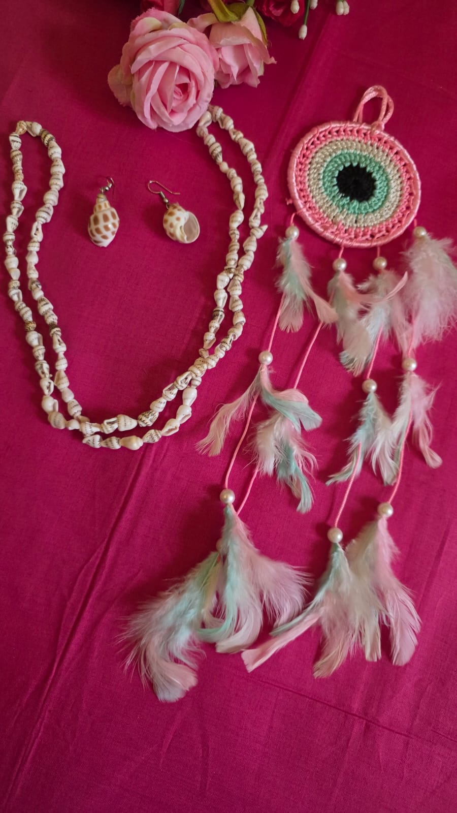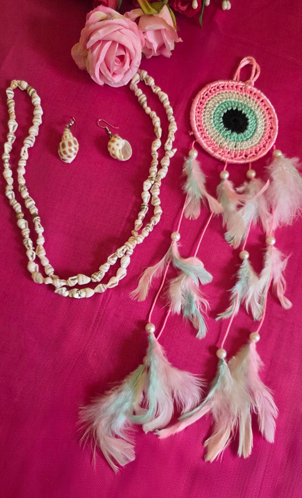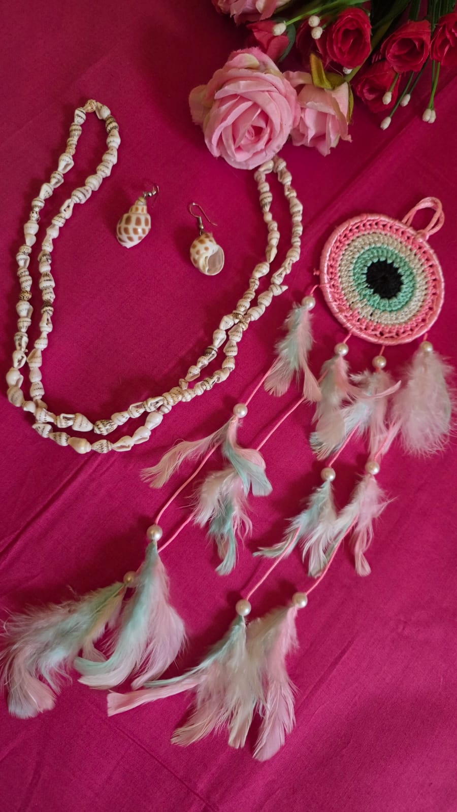 Home Hand crafted hand crafted jewellery Sea-shell Necklace – Earrings set combo with Dreamcatcher ( Pink)
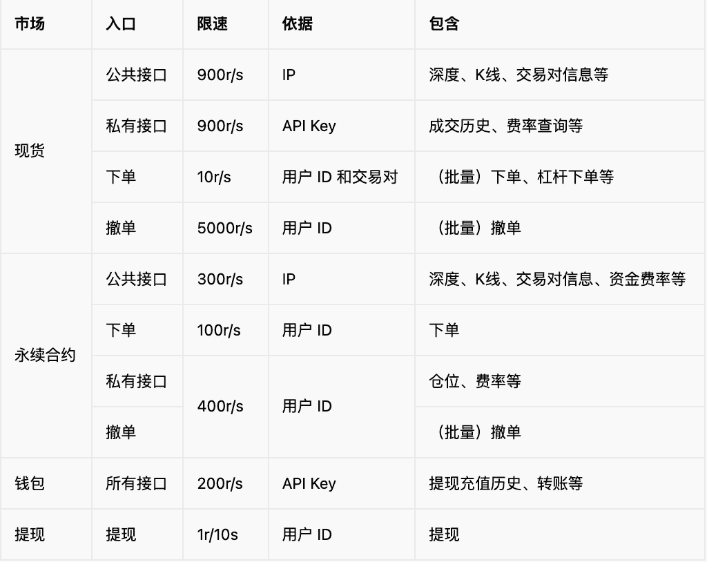 - APIv2 在交易操作上只支持现货交易,APIv4 支持现货、杠杆和合约的完整交易操作;
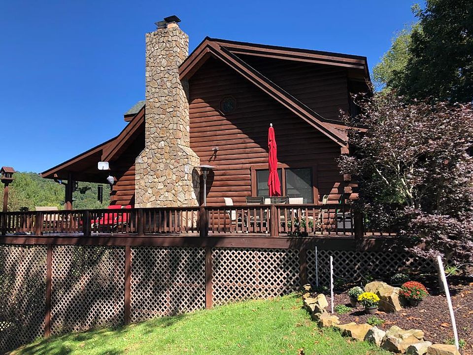 This immaculately maintained log home offers peaceful ridgetop living with spectacular views less than 10 minutes from Burnsville. This house is on the popular west side of Burnsville and has excellent access on paved roads. The house has 3 finished levels including a fully finished basement currently used as a short term rental. The basement has its own private entrance and would make an excellent mother-in-law suite as well. The kitchen and all 3 bathrooms have been renovated within the last year. The kitchen in the basement was completed this year. This house has a new hot tub in front off of the large wrap around deck. New metal railings have been added to the stairs on the main floor. The house has recently had all new windows and Anderson doors installed. There is a solar-powered metal security gate on the driveway at Hamlet Drive. The pristine waters of Cane River and the Yancey County Recreation Park are a few minutes walk away. See this beautiful home and you'll fall in love.
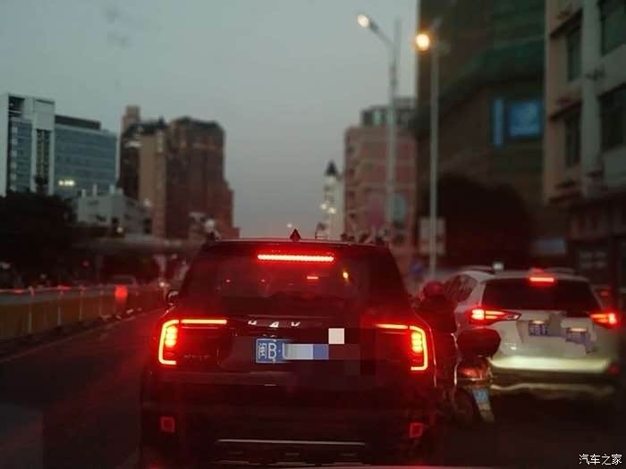 21年元月份的一个晚上,我从市区办事回家,路上遇到一辆黑色大狗。很开心,一直跟随它。路口遇到红灯,黑色大狗的红色刹车灯瞬间点亮。真没想到大狗的尾灯这么有型!拿出手机,摁下快门,一张漂亮的大狗尾灯照片呈现在我眼前。

▬▬▬

**Problem to solve**
Copy out the material above in full and exactly; its pictures are not to appear.

**Solution to this problem**
 Home Hand crafted hand crafted jewellery Sea-shell Necklace – Earrings set combo with Dreamcatcher ( Pink)
 - APIv2 在交易操作上只支持现货交易,APIv4 支持现货、杠杆和合约的完整交易操作;
 This immaculately maintained log home offers peaceful ridgetop living with spectacular views less than 10 minutes from Burnsville. This house is on the popular west side of Burnsville and has excellent access on paved roads. The house has 3 finished levels including a fully finished basement currently used as a short term rental. The basement has its own private entrance and would make an excellent mother-in-law suite as well. The kitchen and all 3 bathrooms have been renovated within the last year. The kitchen in the basement was completed this year. This house has a new hot tub in front off of the large wrap around deck. New metal railings have been added to the stairs on the main floor. The house has recently had all new windows and Anderson doors installed. There is a solar-powered metal security gate on the driveway at Hamlet Drive. The pristine waters of Cane River and the Yancey County Recreation Park are a few minutes walk away. See this beautiful home and you'll fall in love.
 21年元月份的一个晚上,我从市区办事回家,路上遇到一辆黑色大狗。很开心,一直跟随它。路口遇到红灯,黑色大狗的红色刹车灯瞬间点亮。真没想到大狗的尾灯这么有型!拿出手机,摁下快门,一张漂亮的大狗尾灯照片呈现在我眼前。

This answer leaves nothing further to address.